--- WORK TO BE COMPLETED ---
How many lines in the records below contain the word "hats"? Answer with the number and nothing else.

Records from a data collection:

_ _ _ _ _

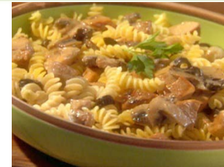
Penne with Fresh Garden Vegetables
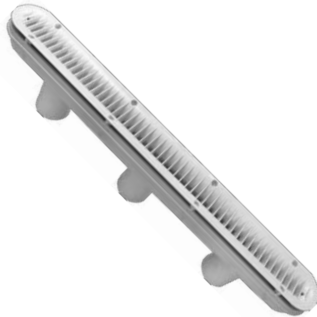
Model # 32CDFLACxxx
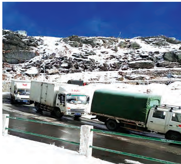
India China Border Trade, Nathu La

Relations between China and India in the twenty-first century are quite complex in nature. On the one hand, the border dispute between the two countries has not been resolved and continues to create tensions. On the other hand, the two have opened the Nathu La in Sikkim for cross-border trade. Trade relations between the two countries
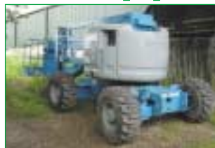
SELF PROPELLED TELESCOPIC PLATFORM 2002 GENIE Z45/22 4x4 15m. working height (46ft). Oscillating axle. Deutz Diesel. Choice of 5 machines.
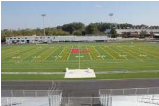
Field from Home Grandstand
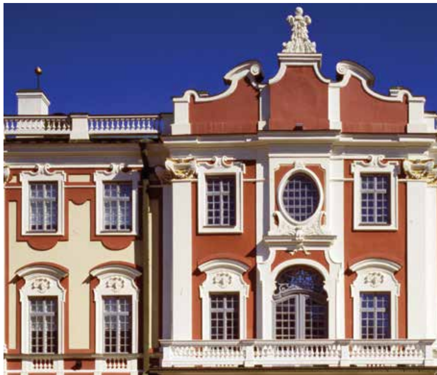
Fig. 11. Kadriorg Palace. Fragment of the facade.

off-centre. 44 It seems probable that Michetti's drawings were detailed and had masterful décor smothered in lacework that, together with water foam on the cascades, highlighted the buon gusto as naturalised in the Baroque architecture – covered by a veil of dreams.
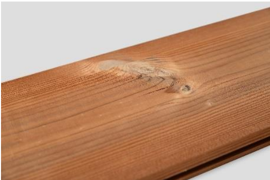
Small surface cracks are allowed.
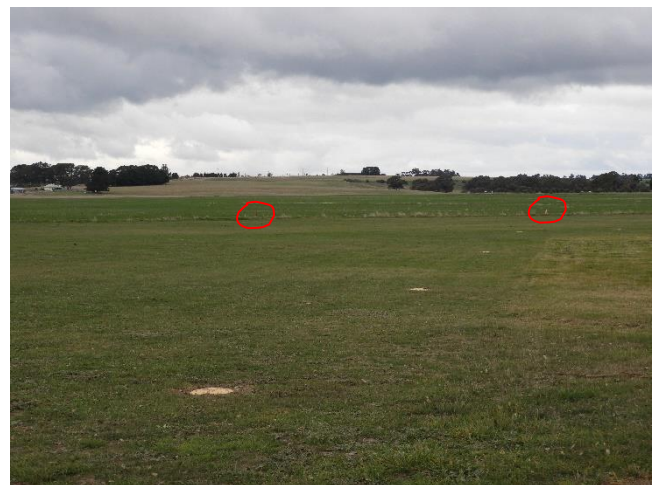
Witches hats (circled in red) have been positioned about a metre inside the crop line at the projected point where the sides of the WNW strip intersect.

For a change rather than battling crosswind on the main strip I thought I'd try the old Shoestring on the WNW strip that heads toward the big shed. No problems on take-off, however on landing it quickly becomes apparent it is difficult to line up because the strip doesn't continue beyond the main runway. Later in the day Murri and I put a couple of witches hats about a metre inside the crop line to indicate the projected sides of the WNW strip. We need to do the same with the E/W strip on the south side. Of course they'll need to be shifted from time to time as the crop grows or the farmer commences harvesting.
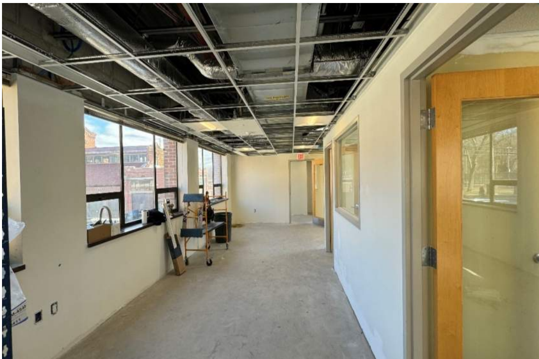
Photo #6 - Building B Second Floor Interior in Progress (02/06/24)
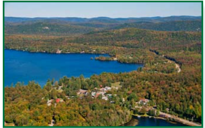
Community of Inlet.

In conclusion, the New York State Clean Water Grant program is vital to protecting this national treasure, the Adirondack Park. For almost 50 years, the Clean Water Act has provided the parameters for fishable and swimmable waters as well as protecting resources that provide communities with drinking water. In the early days, communities had federal construction grant funds to create their wastewater treatment facilities, but now many of them are out of compliance and/or have aged beyond their effectiveness. In the Adirondack Park, there are currently seven communities under consent orders by the NYSDEC for violations in their wastewater facilities' operations, further demonstrating the need for assistance to communities in the Park. Additional complex issues threatening the water quality of the Adirondack Park range from acid rain to more localized non-point sources of contamination. Run-off concerns include salt contamination from use and storage facilities as well as decentralized treatment systems, all of which contribute to the impairments Adirondack waters face. Emerging issues such as invasive species also play a role in the health of Adirondack lakes, rivers and streams thus adding to the mix of complex management solutions.
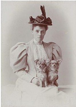
Edith Wharton: Edith Wharton was an American novelist who was the first woman to win a Pulitzer Prize for literature for her novel The Age of Innocence .
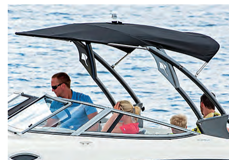
Tower (Folding Arch Style) and Top (Option #663)
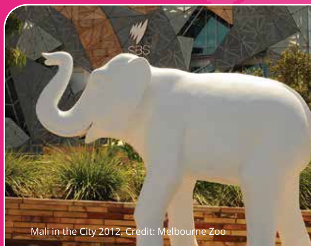
Mali in the City 2012.

They have characteristics synonymous with the nature of the care St Giles Hospice provides for patients every day.

_ _ _ _ _

--- OUTPUT FOR THIS TASK ---
2